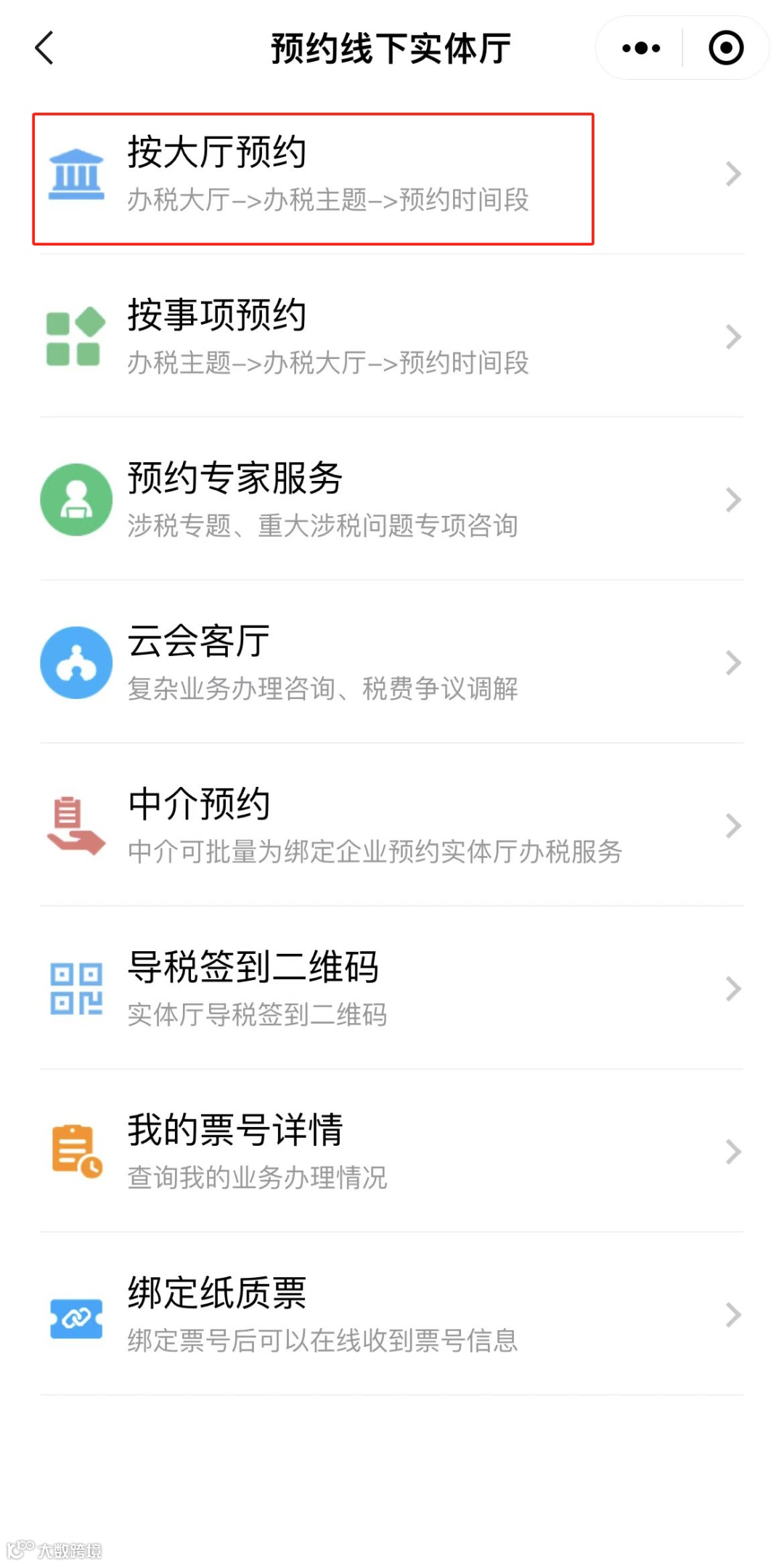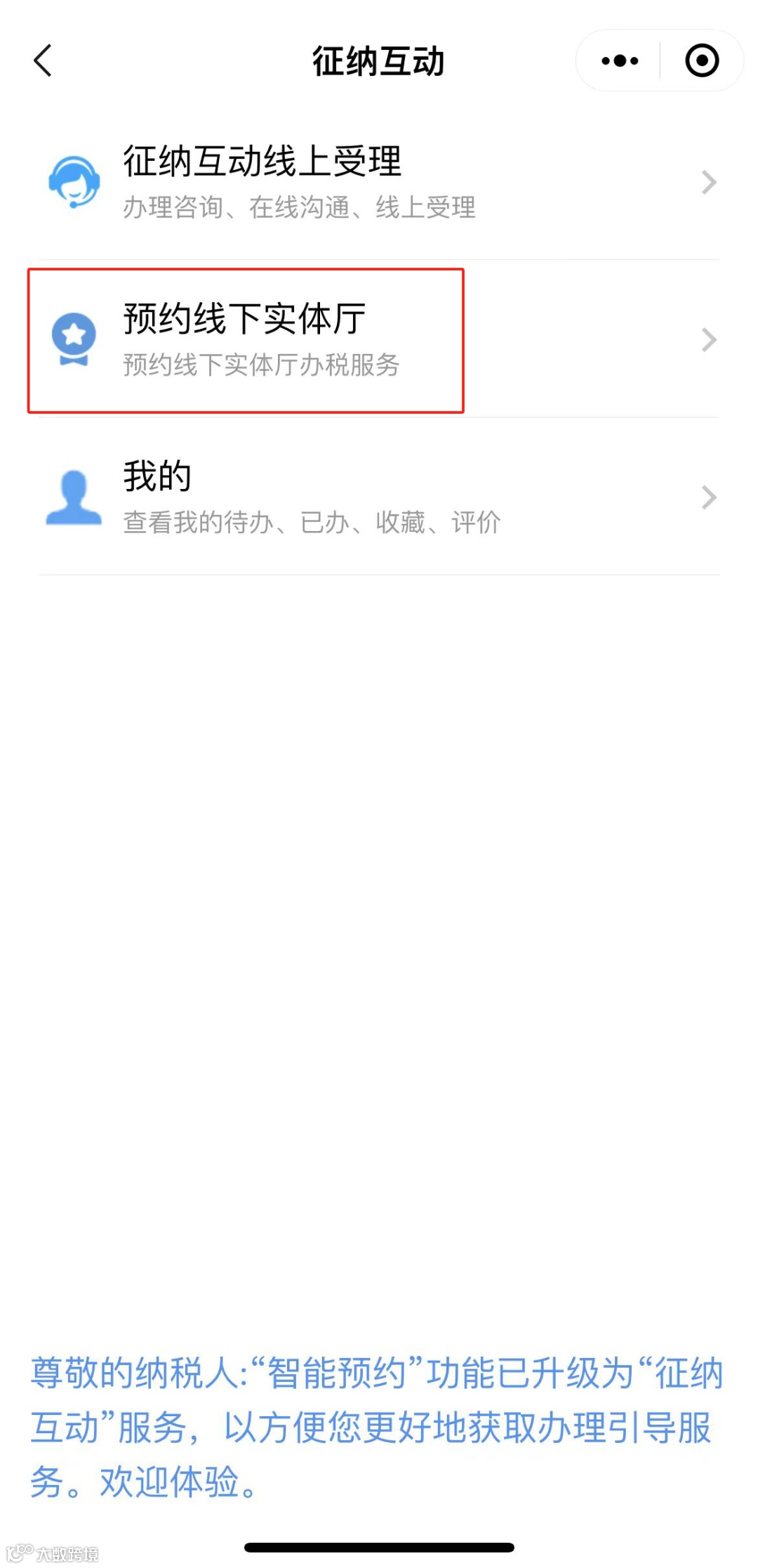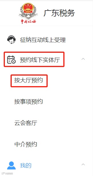 3.进入征纳互动页面,左侧菜单选择“预约线下实体厅”-“按大厅预约”。
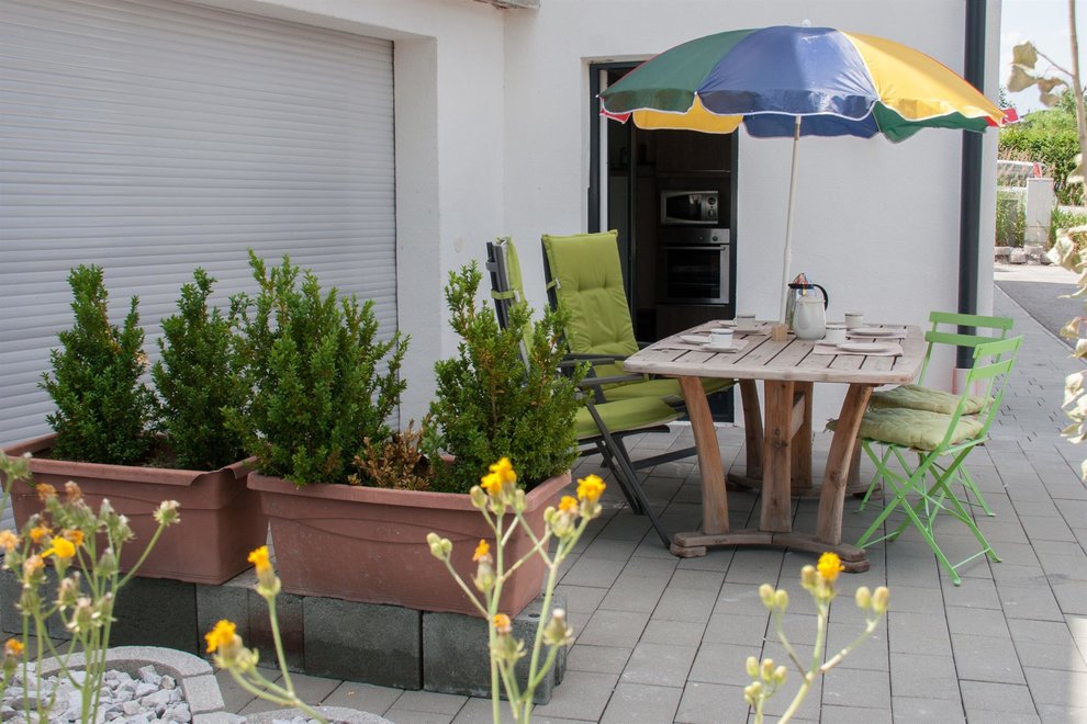 separate bedroom/s: 1, dishes available, wheelchair accessible room/apt., island kitchen, open foot-end of bed, hairdryer, no carpet, towels available, TV, oven, WiFi, garden furniture, dining room, barrier free according to DIN, closet, separate kitchen, kettle, electric stove, vent hood, kitchen utensils, bed linen available, dishwasher
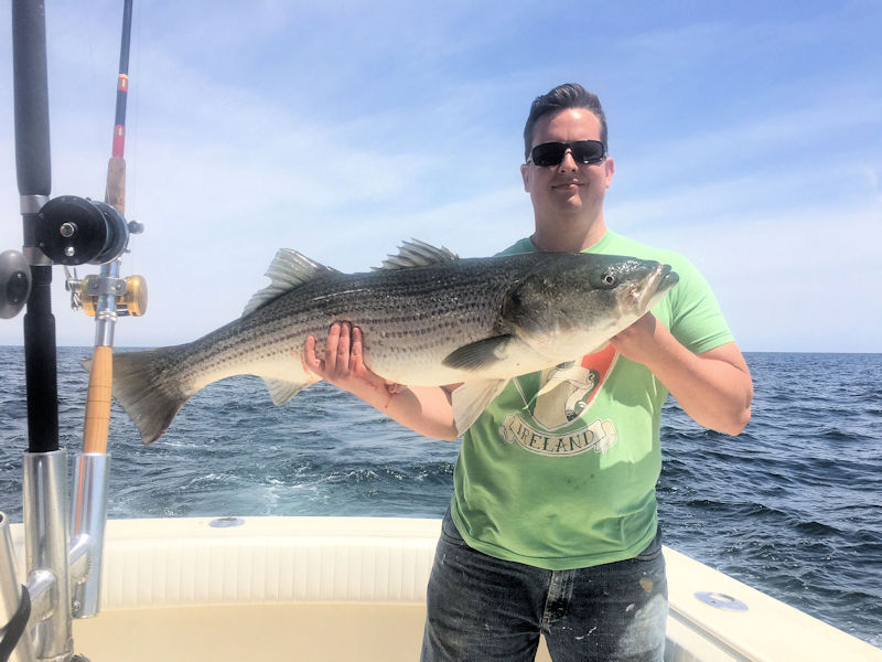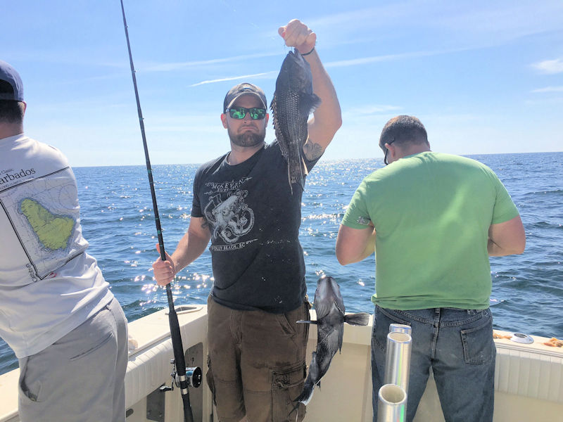 Paul had the Tom Raymond crew from Betty & Nicks Tackle on board today. Along with Tom were Dan, Bryan, Justin, Nick & Hal. Paul worked a few drops today and each gave up some nice Seabass. It took a while but the guys put a boat limit catch on ice. With some time left we moved back inshore to try for a few Stripers. We missed the bite but did manage to put one 30# Bass in the box. Another great day with a great group of guys and we enjoyed some beautiful weather.
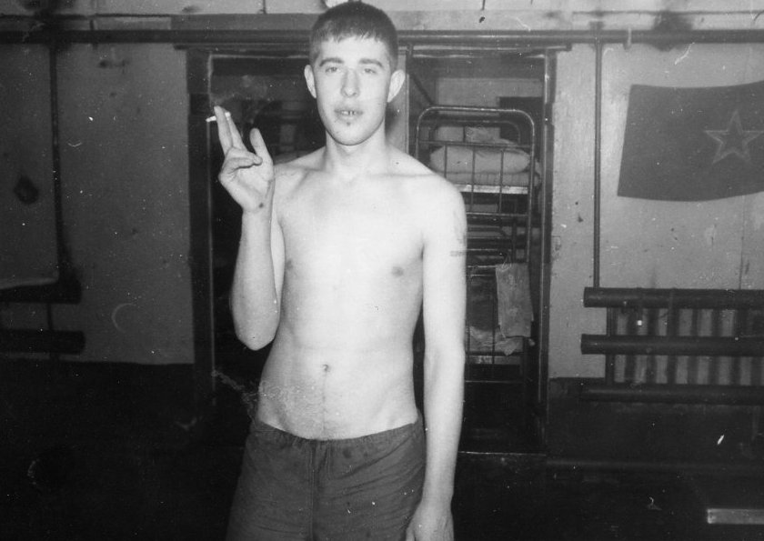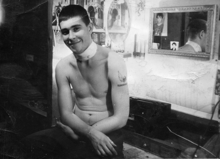 147 С.Заводовский, О.Игнатьев, Гайкалов, А.Ковынев и Д.Разоренов в каптерке. 1993 год |
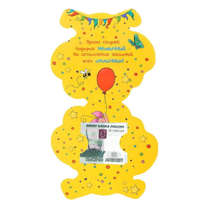 Открытка-конверт для денег "Для тебя": Медвежонок Винни
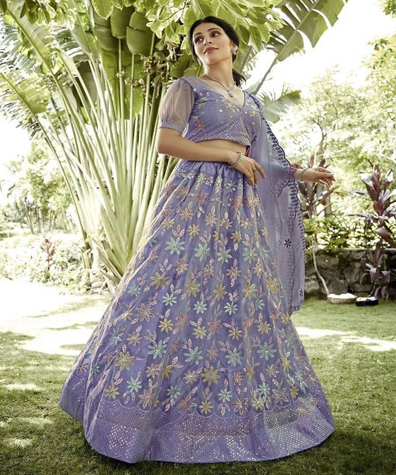 Embroidered sequinned semi stitched lehenga & unstitched blouse with dupatta
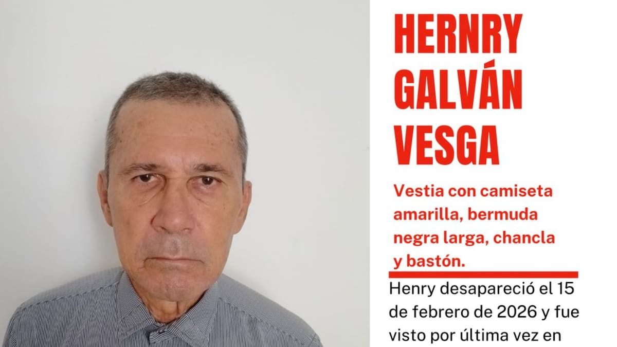 Los familiares del hombre, de 71 años de edad, manifestaron que este salió de una vivienda donde pasa días de descanso y no regresó. En ese momento vestía camiseta amarilla, bermuda y sandalias.
- - -
- [Your task]: The lines from the one that contains "147 С.Заводовский, О.Игнатьев, Гайкалов, А.Ковынев" through the end of the data, repeated exactly and with no pictures, make up the whole answer.

- [Output of the exercise]:
 147 С.Заводовский, О.Игнатьев, Гайкалов, А.Ковынев и Д.Разоренов в каптерке. 1993 год |
 Открытка-конверт для денег "Для тебя": Медвежонок Винни
 Embroidered sequinned semi stitched lehenga & unstitched blouse with dupatta
 Los familiares del hombre, de 71 años de edad, manifestaron que este salió de una vivienda donde pasa días de descanso y no regresó. En ese momento vestía camiseta amarilla, bermuda y sandalias.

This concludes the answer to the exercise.